**Problem details:**
A faithful copy of the entries is needed, one that leaves out the pictures.
(Extracted data)
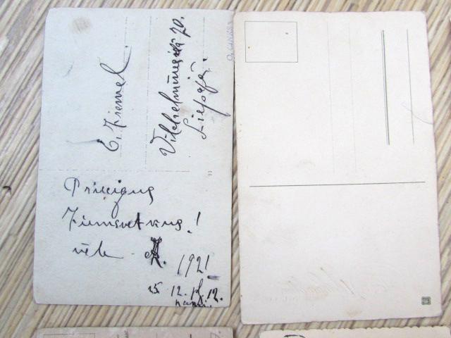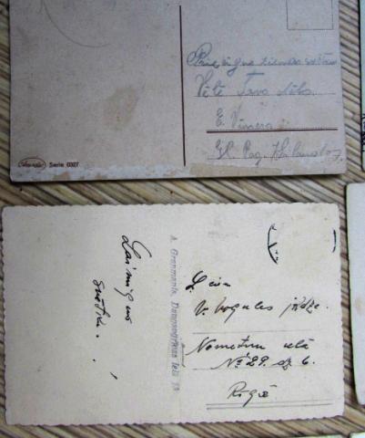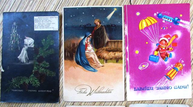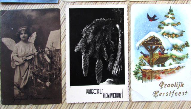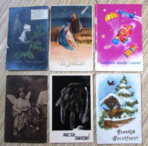 Seni naudoti atvirukai. Vieneto kaina - 2 eurai. Viršuje vidurinė - neužrašyta, šiek tiek įplyšimą turi. (Su parašiutininku - NĖRA). Kitos - panaudotos. Atvirutė su lesyklėle turi paauksavimus ir turi pašto ženklą, štampą, 1930 metų. (Kairioji viršutinė - NĖRA, Atvirutės su angelu - NĖRA)
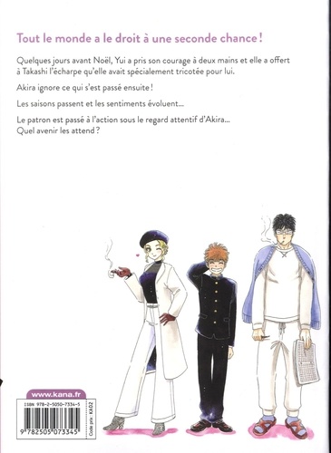 Tout le monde a le droit à une seconde chance ! Quelques jours avant Noël, Yui a pris son courage à deux mains et elle a offert à Takashi l'écharpe qu'elle avait spécialement tricotée pour lui. Akira ignore ce qui s'est passé ensuite ! Les saisons passent et les sentiments évoluent... Le patron est passé à l'action sous le regard attentif d'Akira... Quel avenir les attend ?
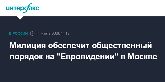 Москва. 11 марта. INTERFAX.RU - Общественная безопасность и порядок при проведении в мае 2009 года в Москве международного музыкального конкурса "Евровидение" будут обеспечены, заявил первый замминистра внутренних дел РФ Михаил Суходольский.
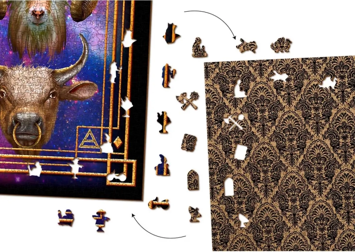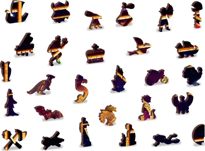 Laserom vyrezávané drevené puzzle WOODEN CITY so svojimi špeciálne tvarovanými dielikmi je neuveriteľne zábavné. Časť dielikov je vyrobená v tvare zvierat, stavieb alebo predmetov, ktorých výsledný efekt umocňujú laserom zvýraznené detaily. Tieto dieliky môžu samostatne stáť ako drobné figúrky. Skladanie puzzle s rôznotvarými dielikmi je náročnejšie a predstavuje väčšiu výzvu než skladanie klasického puzzle. Puzzle je navyše obojstranné, skladať môžete podľa obrázka (lícová strana) aj podľa tvaru (rubová strana so vzorom).
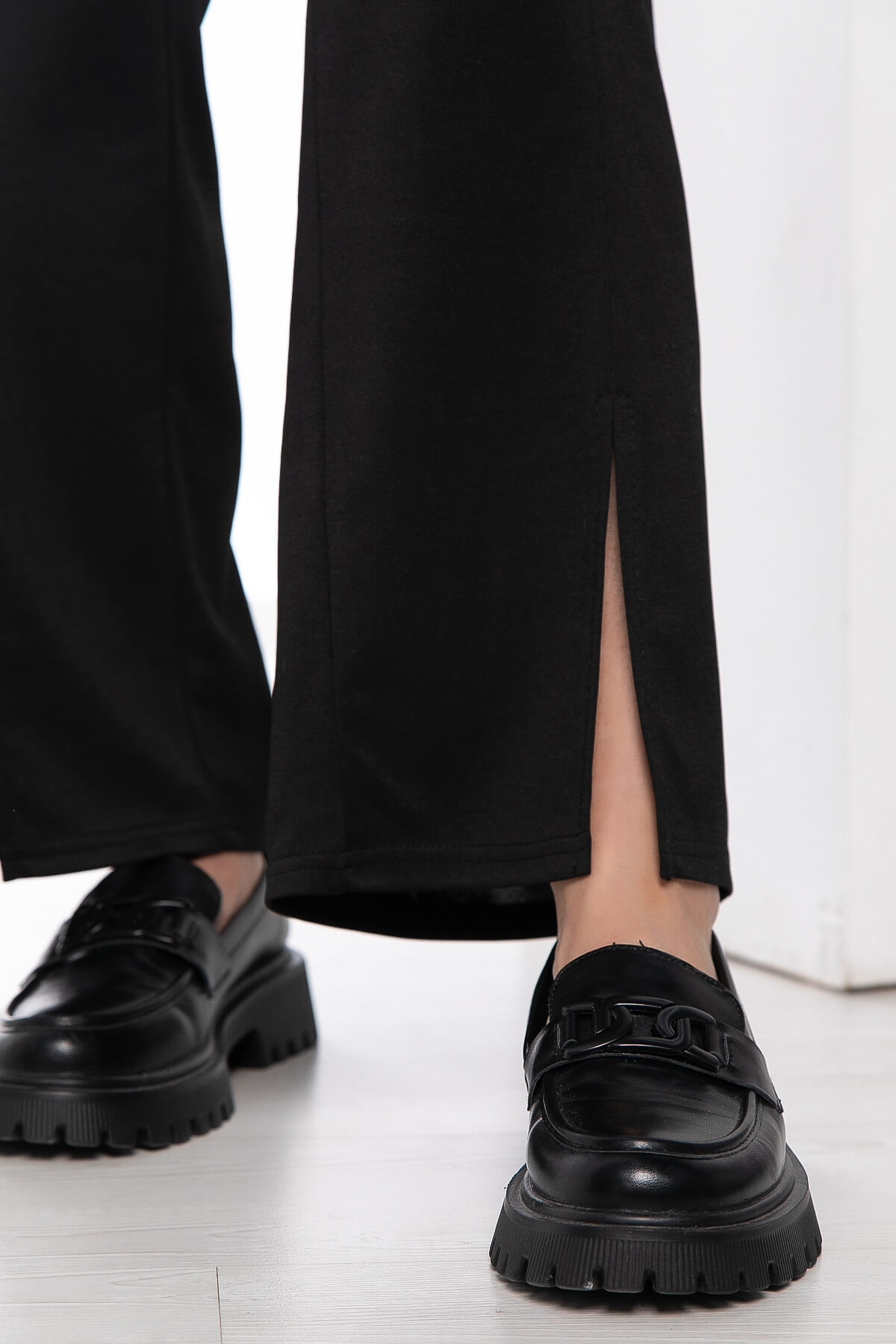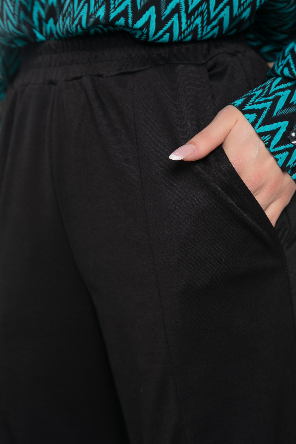 Свободные черный брюки на резинке с трендовыми разрезами по низу. Такая модель брюк практична и комфортна на каждый ден. Сегодня они актуальны для женщины любого возраста и в любой обстановке. Их можно гармонично сочетать с другими вещами Вашего гардероба. По талии брюки на резинке, что позволяет добиться комфортной посадки. По бокам брюк карманы.
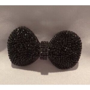 Vintage Black Rhinestone Crystal Bow Hair Clip Barrette
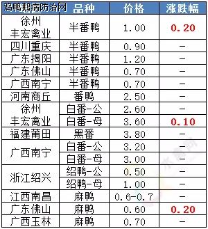 4月8日 番/麻鸭苗价格监测(单位:元)
(End Extracted data)
**Response to the exercise:**
 Seni naudoti atvirukai. Vieneto kaina - 2 eurai. Viršuje vidurinė - neužrašyta, šiek tiek įplyšimą turi. (Su parašiutininku - NĖRA). Kitos - panaudotos. Atvirutė su lesyklėle turi paauksavimus ir turi pašto ženklą, štampą, 1930 metų. (Kairioji viršutinė - NĖRA, Atvirutės su angelu - NĖRA)
 Tout le monde a le droit à une seconde chance ! Quelques jours avant Noël, Yui a pris son courage à deux mains et elle a offert à Takashi l'écharpe qu'elle avait spécialement tricotée pour lui. Akira ignore ce qui s'est passé ensuite ! Les saisons passent et les sentiments évoluent... Le patron est passé à l'action sous le regard attentif d'Akira... Quel avenir les attend ?
 Москва. 11 марта. INTERFAX.RU - Общественная безопасность и порядок при проведении в мае 2009 года в Москве международного музыкального конкурса "Евровидение" будут обеспечены, заявил первый замминистра внутренних дел РФ Михаил Суходольский.
 Laserom vyrezávané drevené puzzle WOODEN CITY so svojimi špeciálne tvarovanými dielikmi je neuveriteľne zábavné. Časť dielikov je vyrobená v tvare zvierat, stavieb alebo predmetov, ktorých výsledný efekt umocňujú laserom zvýraznené detaily. Tieto dieliky môžu samostatne stáť ako drobné figúrky. Skladanie puzzle s rôznotvarými dielikmi je náročnejšie a predstavuje väčšiu výzvu než skladanie klasického puzzle. Puzzle je navyše obojstranné, skladať môžete podľa obrázka (lícová strana) aj podľa tvaru (rubová strana so vzorom).
 Свободные черный брюки на резинке с трендовыми разрезами по низу. Такая модель брюк практична и комфортна на каждый ден. Сегодня они актуальны для женщины любого возраста и в любой обстановке. Их можно гармонично сочетать с другими вещами Вашего гардероба. По талии брюки на резинке, что позволяет добиться комфортной посадки. По бокам брюк карманы.
 Vintage Black Rhinestone Crystal Bow Hair Clip Barrette
 4月8日 番/麻鸭苗价格监测(单位:元)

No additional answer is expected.